- THE RECORDS -
[Start of Attachment]

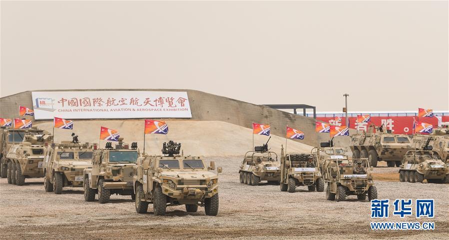 这是地面装备进行动态展示(11月8日摄)。 11月8日,在珠海举行的第十二届中国国际航空航天博览会上,中国兵器工业集团等企业为观众带来了震撼的地面装备动态展示。 新华社记者 邓华 摄
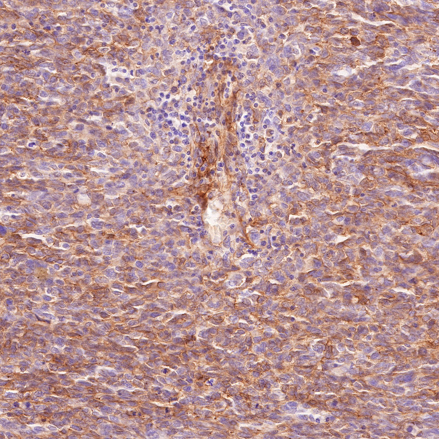 IHC shows positive staining in paraffin-embedded human melanoma. Anti-CD146 antibody was used at 1/1000 dilution, followed by a HRP Polymer for Mouse & Rabbit IgG (ready to use). Counterstained with hematoxylin. Heat mediated antigen retrieval with Tris/EDTA buffer pH9.0 was performed before commencing with IHC staining protocol.
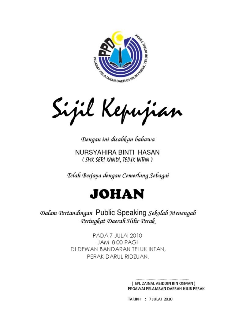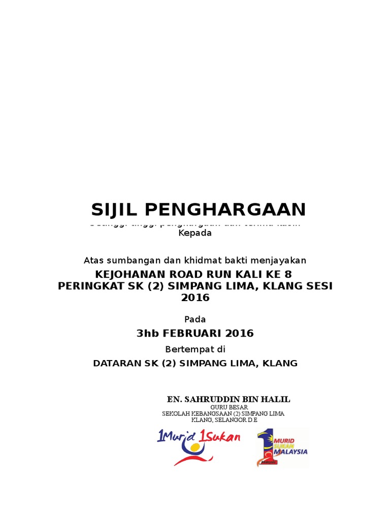 Text of contoh sijil penghargaan. Memastikan 80% murid yang menyertai sukan daerah mendapat sijil kecemerlangan dalam bidang sukan yang 8. Penyertaan di peringkat daerah 30/002/2 maklumat guru panitia a. Sukan yang terdiri daripada pelbagai jenis seperti sukan air, sukan balapan, sukan padang, sukan tradisional dan seumpamanya ini dilakukan oleh rakyat kejayaan dan penyertaan pemain dalam pelbagai pertandingan antarabangsa terutamanya dalam acara badminton, hoki dan bola sepak telah. Sijil penyertaan dengan ini disahkan bahawa nama penuh telah menyertai pertandingan bahas bahasa melayu ala parlimen sekolah menengah peringkat negeri sarawak di.
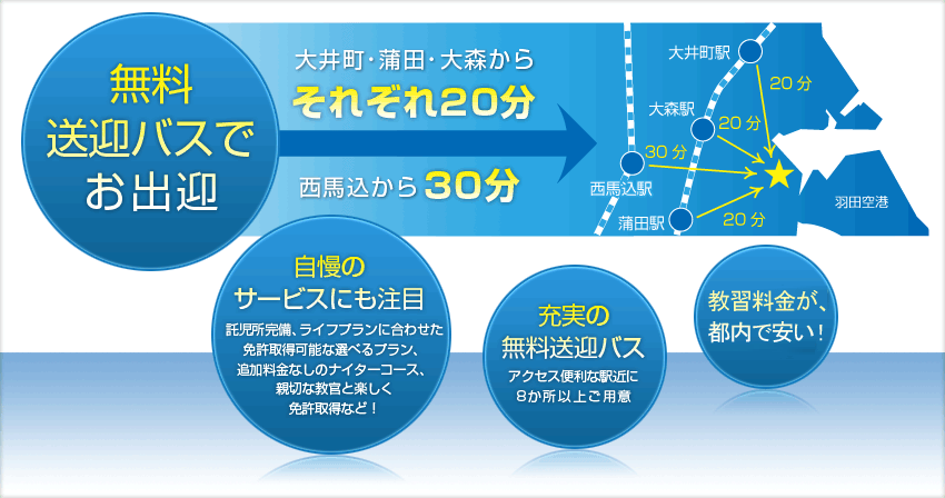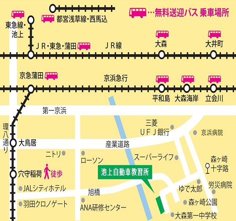 近隣の駅等と池上自動車教習所を結ぶ、便利な無料送迎バスが運行しています。是非ご利用下さい。
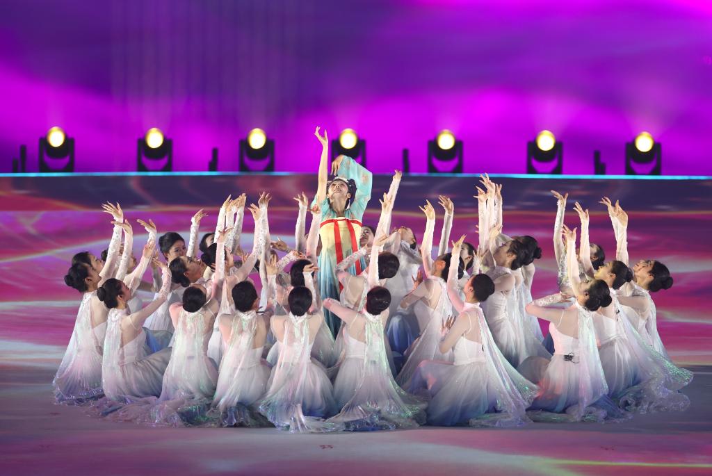 8月7日,演員在開(kāi)幕式上表演。新華社記者 劉坤 攝
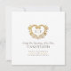 Eine Stornierungskarte für Hochzeiten mit einem dekorativen, alten goldenen Herz-Monogramm auf weiß und einem dunkelbraunen. Ideal, um als Hochzeitsausweis Ihre Gäste über eine Hochzeitsfeier oder eine Stornierung von Veranstaltungen zu informieren oder wegen einer Krankheit oder unvorhergesehener Umstände zu verschieben. Dekoratives Herzkranzdesign, das Ihre eigenen Monogramm-Initialen umschließt. In einem Goldeffekt liest Hochzeit stornierte Liebe ist geduldig. Weitere Farboptionen und passende Elemente sind verfügbar. Original-Design von Sarah Trett für www.mylittleedenweddings.com

[End of Attachment]

- WHAT IS EXPECTED -
Every line of the listing is to be repeated exactly, and the pictures are to be dropped.

- ANSWER SPACE -
 这是地面装备进行动态展示(11月8日摄)。 11月8日,在珠海举行的第十二届中国国际航空航天博览会上,中国兵器工业集团等企业为观众带来了震撼的地面装备动态展示。 新华社记者 邓华 摄
 IHC shows positive staining in paraffin-embedded human melanoma. Anti-CD146 antibody was used at 1/1000 dilution, followed by a HRP Polymer for Mouse & Rabbit IgG (ready to use). Counterstained with hematoxylin. Heat mediated antigen retrieval with Tris/EDTA buffer pH9.0 was performed before commencing with IHC staining protocol.
 Text of contoh sijil penghargaan. Memastikan 80% murid yang menyertai sukan daerah mendapat sijil kecemerlangan dalam bidang sukan yang 8. Penyertaan di peringkat daerah 30/002/2 maklumat guru panitia a. Sukan yang terdiri daripada pelbagai jenis seperti sukan air, sukan balapan, sukan padang, sukan tradisional dan seumpamanya ini dilakukan oleh rakyat kejayaan dan penyertaan pemain dalam pelbagai pertandingan antarabangsa terutamanya dalam acara badminton, hoki dan bola sepak telah. Sijil penyertaan dengan ini disahkan bahawa nama penuh telah menyertai pertandingan bahas bahasa melayu ala parlimen sekolah menengah peringkat negeri sarawak di.
 近隣の駅等と池上自動車教習所を結ぶ、便利な無料送迎バスが運行しています。是非ご利用下さい。
 8月7日,演員在開(kāi)幕式上表演。新華社記者 劉坤 攝
 Eine Stornierungskarte für Hochzeiten mit einem dekorativen, alten goldenen Herz-Monogramm auf weiß und einem dunkelbraunen. Ideal, um als Hochzeitsausweis Ihre Gäste über eine Hochzeitsfeier oder eine Stornierung von Veranstaltungen zu informieren oder wegen einer Krankheit oder unvorhergesehener Umstände zu verschieben. Dekoratives Herzkranzdesign, das Ihre eigenen Monogramm-Initialen umschließt. In einem Goldeffekt liest Hochzeit stornierte Liebe ist geduldig. Weitere Farboptionen und passende Elemente sind verfügbar. Original-Design von Sarah Trett für www.mylittleedenweddings.com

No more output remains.